What to produce ▸ Copy exactly the lines from the line holding "Ipanema beach and" through the end of the material, and no others; pictures stay out.

Given data ▸
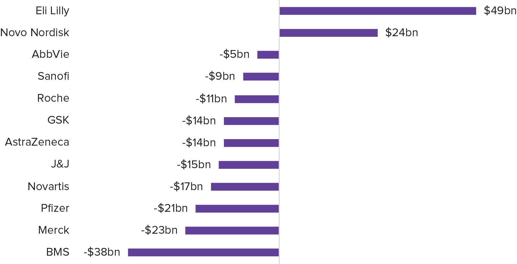 Of the companies in the middle ground, AstraZeneca is an interesting case study. Its leadership has often spoken of an $80bn revenue target by 2030, having achieved an ambitious transformation after fending off a potential acquisition by Pfizer. The gap between Evaluate’s current consensus for AstraZeneca and this $80bn target is $15bn, which is nearly identical to our calculated growth gap of $14bn. In our view, this validates the growth gap analysis and indicates that large pharma leadership views 7%+ CAGR as an achievable goal, even without meaningful participation in the GLP-1 market.
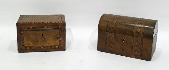 Victorian walnut tea caddy of rectangular form, with domed cover, decorated with bands of parquetry inlay and another tea caddy with parquetry decoration (2)
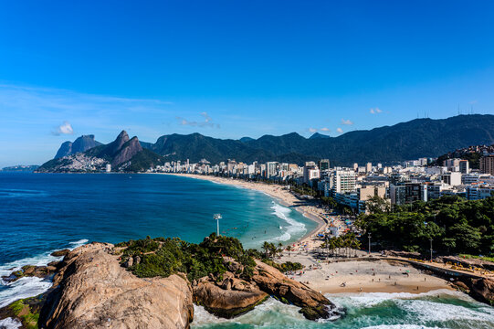 Ipanema beach and Arpoador beach with  in Rio de Janeiro, Brazil. Ipanema beach is the most famous beach of Rio de Janeiro, Brazil. Cityscape of Rio de Janeiro.
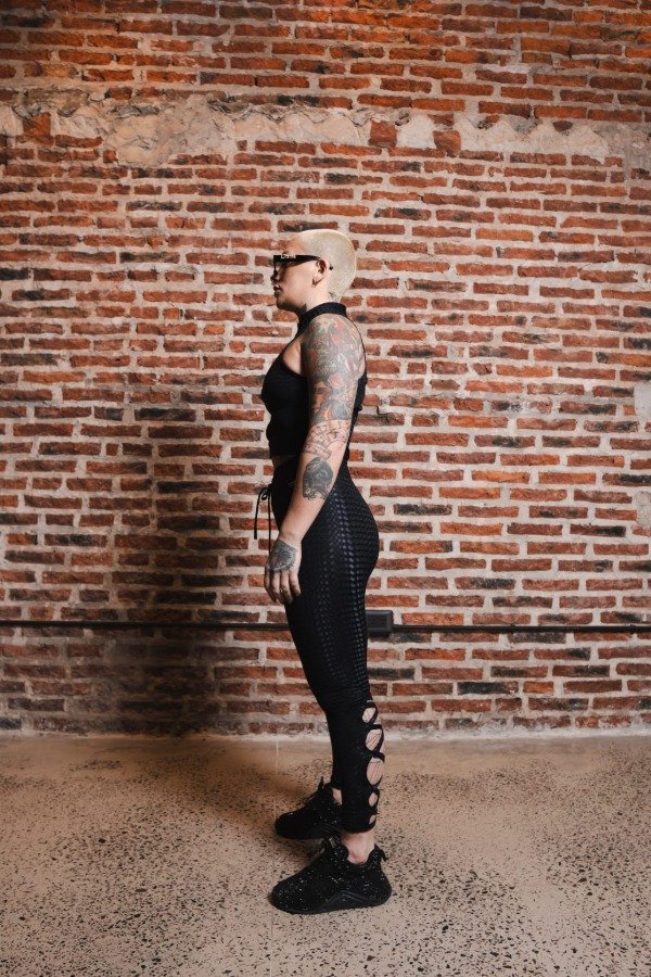 Calza de tela importada 3D diseño exclusivo Ana Fidalgo

Task solution ▸
 Ipanema beach and Arpoador beach with  in Rio de Janeiro, Brazil. Ipanema beach is the most famous beach of Rio de Janeiro, Brazil. Cityscape of Rio de Janeiro.
 Calza de tela importada 3D diseño exclusivo Ana Fidalgo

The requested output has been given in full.